1) The arrival of “voir dire” AKA “unlawful prosecutorial jury-stacking”.

Prior to 1850, juries were much more randomly-selected (and chosen or “seated”) than they are today.  The loss of randomness has led to juries that are mere puppets of the prosecutor and judge.   In 1850, the Fugitive Slave Law was passed by congress.  This law required northerners to inform on, or “bear witness against” anyone who sheltered a runaway slave, so that that person could be punished, and the slave could be returned south, to slavery.  Many northerners disagreed morally with slavery, and they correctly viewed any cooperation with slavery as morally wrong (the way that many people today view “drug prohibitions” or “gun prohibitions” as being morally wrong, and similarly view any participation with a guilty verdict in those cases as morally wrong).  Therefore, when northerners were seated on a jury in a runaway slave case, they would often refuse to convict their neighbors of “harboring fugitive slaves”.  This enraged the northern judges and prosecutors who were the same kind of people who seek to be judges and prosecutors today: authoritarians who have the desire to punish their fellow man.

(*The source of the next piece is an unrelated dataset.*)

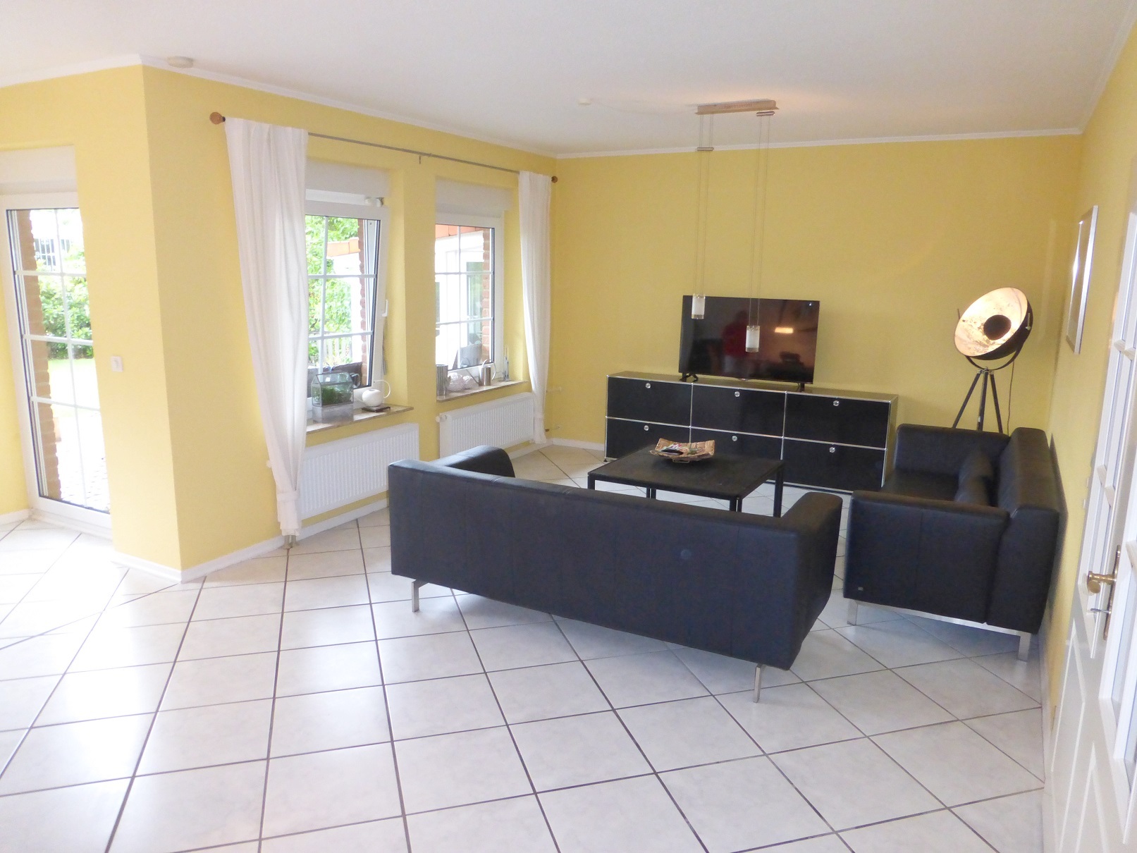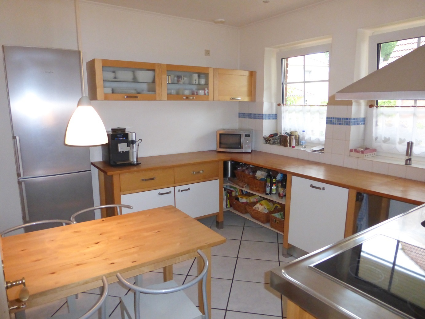 Durch den großzügigen Flur gelangen Sie in die Küche. Hier haben Sie Platz für einen kleinen Tisch für 4 Personen und die Möglichkeit, die vorhandene Küche kostenlos zu übernehmen. Das Wohnzimmer bietet sehr viel Platz für Esstisch und Couchlandschaft. Von hier gelangen Sie auf die teilüberdachte Terrasse mit Markise. Ein angrenzender Raum bietet sich als kleiner Partyraum an. Eine große Garage mit anliegendem Geräteraum rundet das Angebot ab. Im Erdgeschoss haben Sie zusätzlich einen großen Abstellraum und einen kleineren unter der Treppe. Im gesamten Erdgeschoss liegen pflegeleichte, helle Fliesen.
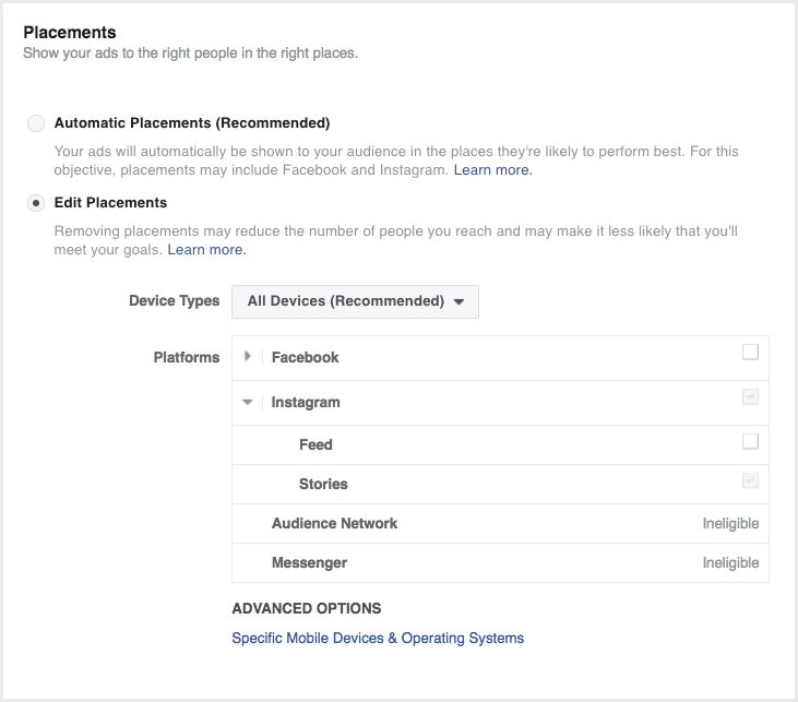 Acesta este un pas foarte important dacă vrei ca ad-urile tale să apară doar pe Instagram, și nu pe Facebook. Va trebui să selectezi „Edit Placements” și să deselectezi tot ce ține de Facebook sau „Audience Network”.

So what did those judges do?  They wouldn’t admit that they sought to eliminate “due process”, they simple “changed courtroom procedure”.  Instead of checking jurors for a personal relationship with the accused (or the state), they expanded prosecutorial jury questioning to allow the prosecution to remove jurors for “disagreement with the law”.  Well, this effectively eliminated all of the well-informed jurors who believed that slavery was unconstitutional.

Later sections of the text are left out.